Retyping should cover only the lines from the one containing "왕궁은 마드리드에 살" through the final line of the records, with pictures omitted.

**Records contained in a dataset**.

========================================================================

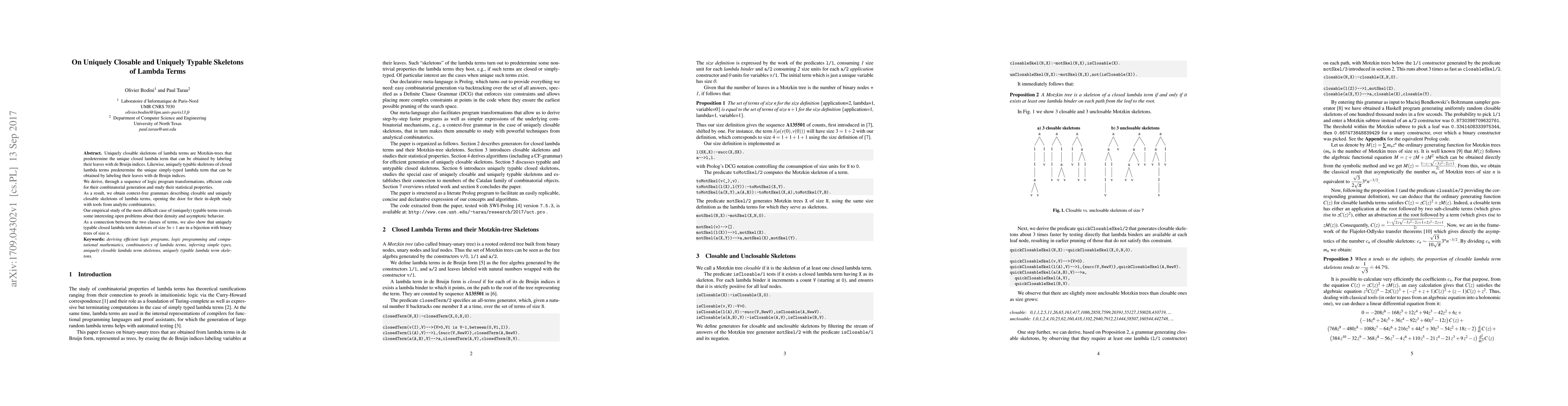 Uniquely closable skeletons of lambda terms are Motzkin-trees that predetermine the unique closed lambda term that can be obtained by labeling their leaves with de Bruijn indices. Likewise, uniquely typable skeletons of closed lambda terms predetermine the unique simply-typed lambda term that can be obtained by labeling their leaves with de Bruijn indices. We derive, through a sequence of logic program transformations, efficient code for their combinatorial generation and study their statistical properties. As a result, we obtain context-free grammars describing closable and uniquely closable skeletons of lambda terms, opening the door for their in-depth study with tools from analytic combinatorics. Our empirical study of the more difficult case of (uniquely) typable terms reveals some interesting open problems about their density and asymptotic behavior. As a connection between the two classes of terms, we also show that uniquely typable closed lambda term skeletons of size $3n+1$ are in a bijection with binary trees of size $n$.
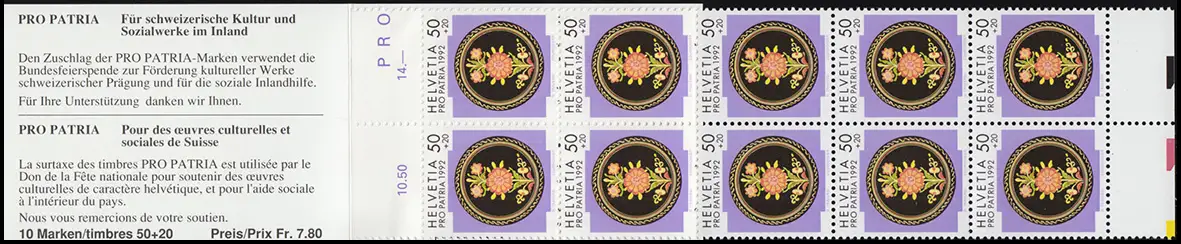 Schweiz Markenheftchen 0-92, Pro Patria Volkskunst 1992, **
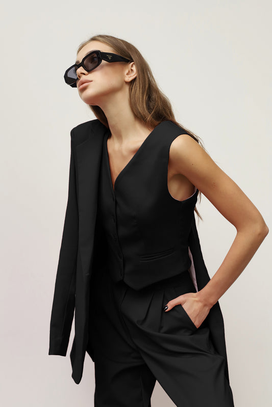 Black Vest – Women’s Tailored Suit Waistcoat with Pockets
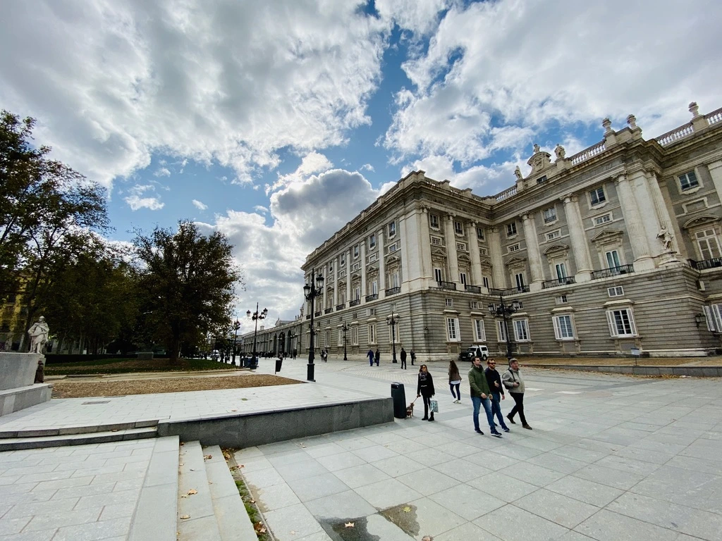 왕궁은 마드리드에 살 때 자주 왔다. 그럼에도 불구하고 왕궁의 느낌은 계절과 시간에 따라 느낌이 다르다. 가을의 왕궁은 쓸쓸하다. 낙엽이 많이 떨어져 있고 바람이 분다. 구름 속의 햇살이 나왔다 들어갔다 하며 우울한 풍경 그리고 갑자기 화사한 풍경을 연출한다. 건물에 비치는 햇살은 여름의 강렬함이 사라지고 잔잔하고 따뜻하다. 그러나 쓸쓸한 느낌을 준다. 왕궁과 주변 풍경이 함께 어우러져서.
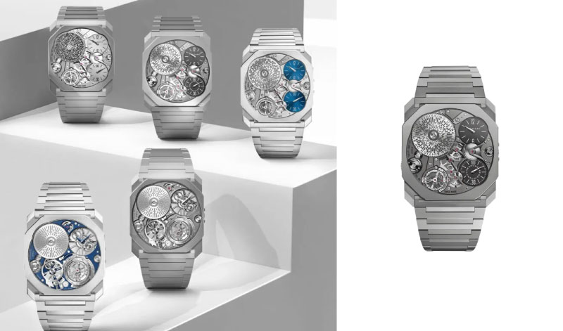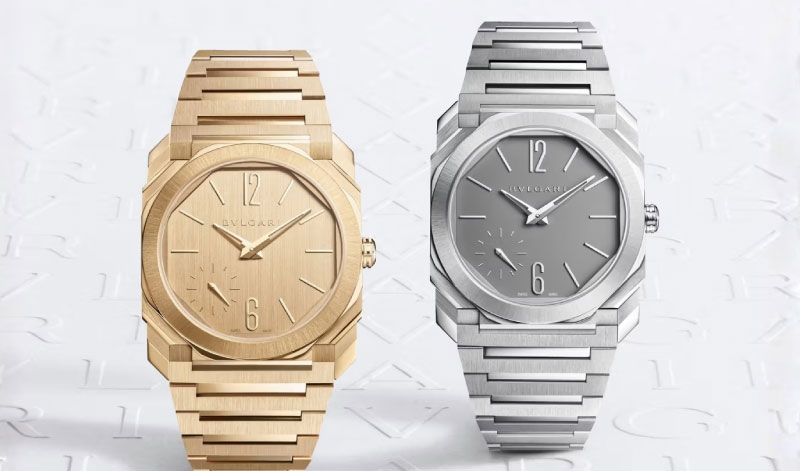 A gama de lançamento divide-se em quatro versões. O titânio jateado com mostrador opalino e ponteiros negros é a referência de base, o elo de continuidade com as origens da coleção. O titânio satinado e polido, com acabamento feito inteiramente à mão, apresenta uma qualidade de luz diferente, mais próxima do aço mas com a leveza característica do titânio. O ouro amarelo de 18 quilates, com mostrador e ponteiros a condizer, reafirma a vocação joalheira da Maison e responde à procura de quem viu sempre no Finissimo um objeto simultaneamente relojoeiro e precioso. A quarta versão é o Octo Finissimo 37 Minute Repeater em titânio jateado, de 6,85 mm de espessura, equipado com o calibre manual BVL 362 de dois martelos e 42 horas de reserva de marcha. Não reclama nenhum recorde. Não precisa: a complicação fala por si, e a acústica do titânio, escolhido também pelas suas propriedades sonoras, faz com que o mecanismo se ouça mesmo num ambiente ruidoso.

========================================================================

**Written response**.
 왕궁은 마드리드에 살 때 자주 왔다. 그럼에도 불구하고 왕궁의 느낌은 계절과 시간에 따라 느낌이 다르다. 가을의 왕궁은 쓸쓸하다. 낙엽이 많이 떨어져 있고 바람이 분다. 구름 속의 햇살이 나왔다 들어갔다 하며 우울한 풍경 그리고 갑자기 화사한 풍경을 연출한다. 건물에 비치는 햇살은 여름의 강렬함이 사라지고 잔잔하고 따뜻하다. 그러나 쓸쓸한 느낌을 준다. 왕궁과 주변 풍경이 함께 어우러져서.
 A gama de lançamento divide-se em quatro versões. O titânio jateado com mostrador opalino e ponteiros negros é a referência de base, o elo de continuidade com as origens da coleção. O titânio satinado e polido, com acabamento feito inteiramente à mão, apresenta uma qualidade de luz diferente, mais próxima do aço mas com a leveza característica do titânio. O ouro amarelo de 18 quilates, com mostrador e ponteiros a condizer, reafirma a vocação joalheira da Maison e responde à procura de quem viu sempre no Finissimo um objeto simultaneamente relojoeiro e precioso. A quarta versão é o Octo Finissimo 37 Minute Repeater em titânio jateado, de 6,85 mm de espessura, equipado com o calibre manual BVL 362 de dois martelos e 42 horas de reserva de marcha. Não reclama nenhum recorde. Não precisa: a complicação fala por si, e a acústica do titânio, escolhido também pelas suas propriedades sonoras, faz com que o mecanismo se ouça mesmo num ambiente ruidoso.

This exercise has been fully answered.